## Work to complete:
Every line of the listing below from the one with "대우 국민평형 기준 2025년" up to and including the one with "Are you done" should be retyped exactly, and nothing else; pictures are not part of the copy.

## Data in this exercise:
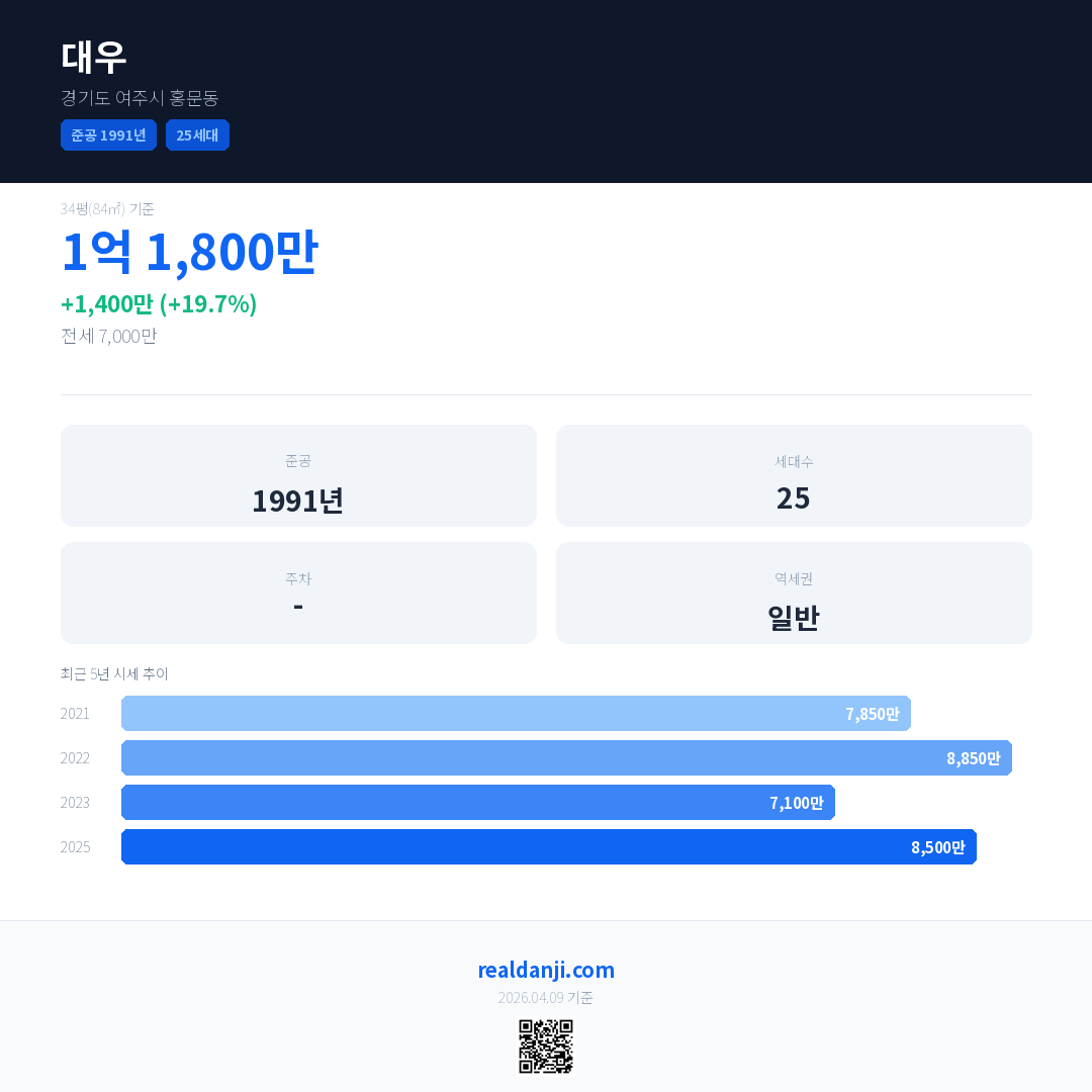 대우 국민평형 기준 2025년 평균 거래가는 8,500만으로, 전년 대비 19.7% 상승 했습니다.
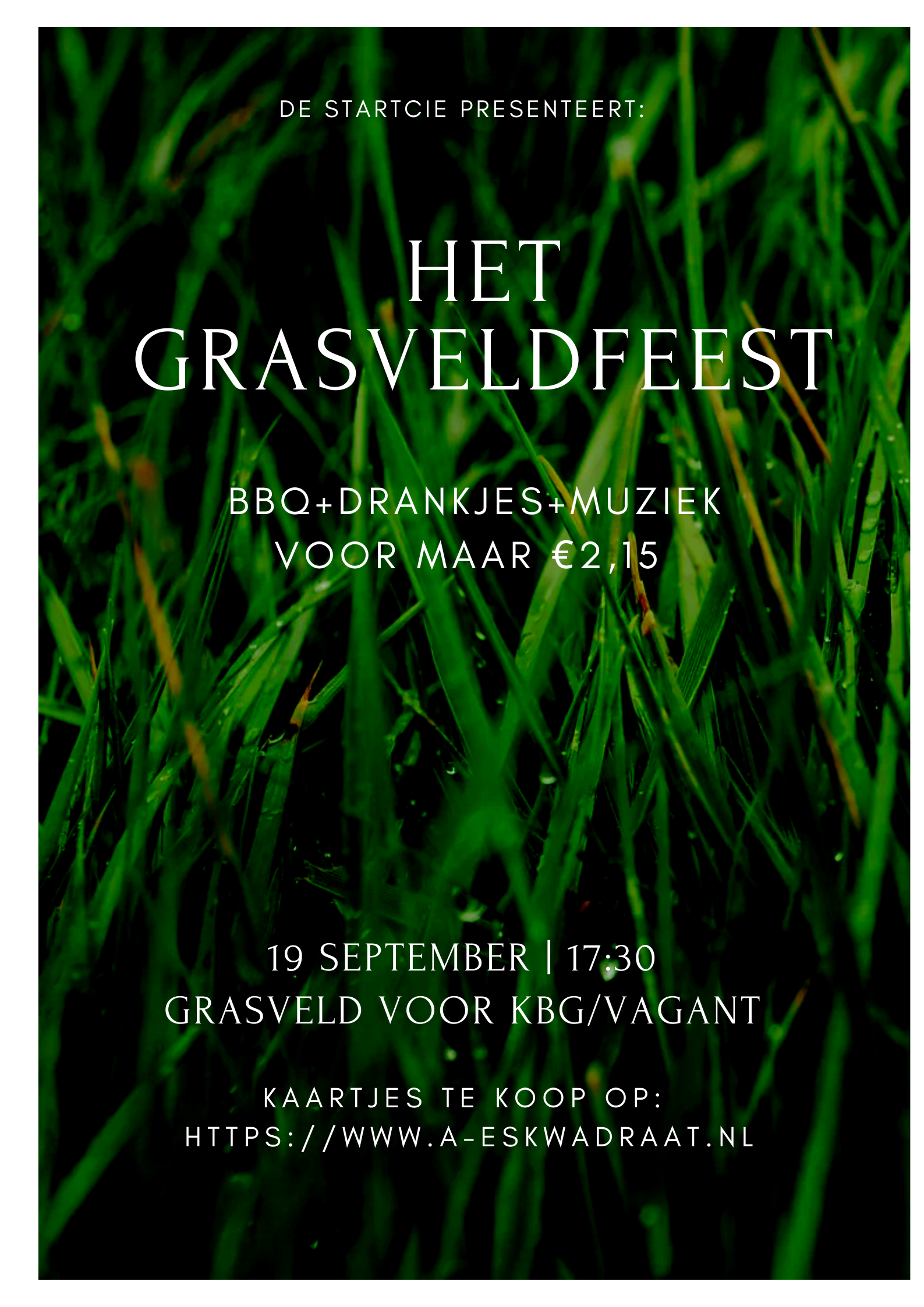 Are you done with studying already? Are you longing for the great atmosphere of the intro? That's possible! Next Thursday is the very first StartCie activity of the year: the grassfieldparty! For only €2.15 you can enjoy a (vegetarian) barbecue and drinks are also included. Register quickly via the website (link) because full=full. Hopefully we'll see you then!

...

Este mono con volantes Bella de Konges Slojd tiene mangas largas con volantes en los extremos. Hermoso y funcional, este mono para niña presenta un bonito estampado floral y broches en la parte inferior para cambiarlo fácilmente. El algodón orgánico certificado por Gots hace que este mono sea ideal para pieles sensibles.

## Your solution:
 대우 국민평형 기준 2025년 평균 거래가는 8,500만으로, 전년 대비 19.7% 상승 했습니다.
 Are you done with studying already? Are you longing for the great atmosphere of the intro? That's possible! Next Thursday is the very first StartCie activity of the year: the grassfieldparty! For only €2.15 you can enjoy a (vegetarian) barbecue and drinks are also included. Register quickly via the website (link) because full=full. Hopefully we'll see you then!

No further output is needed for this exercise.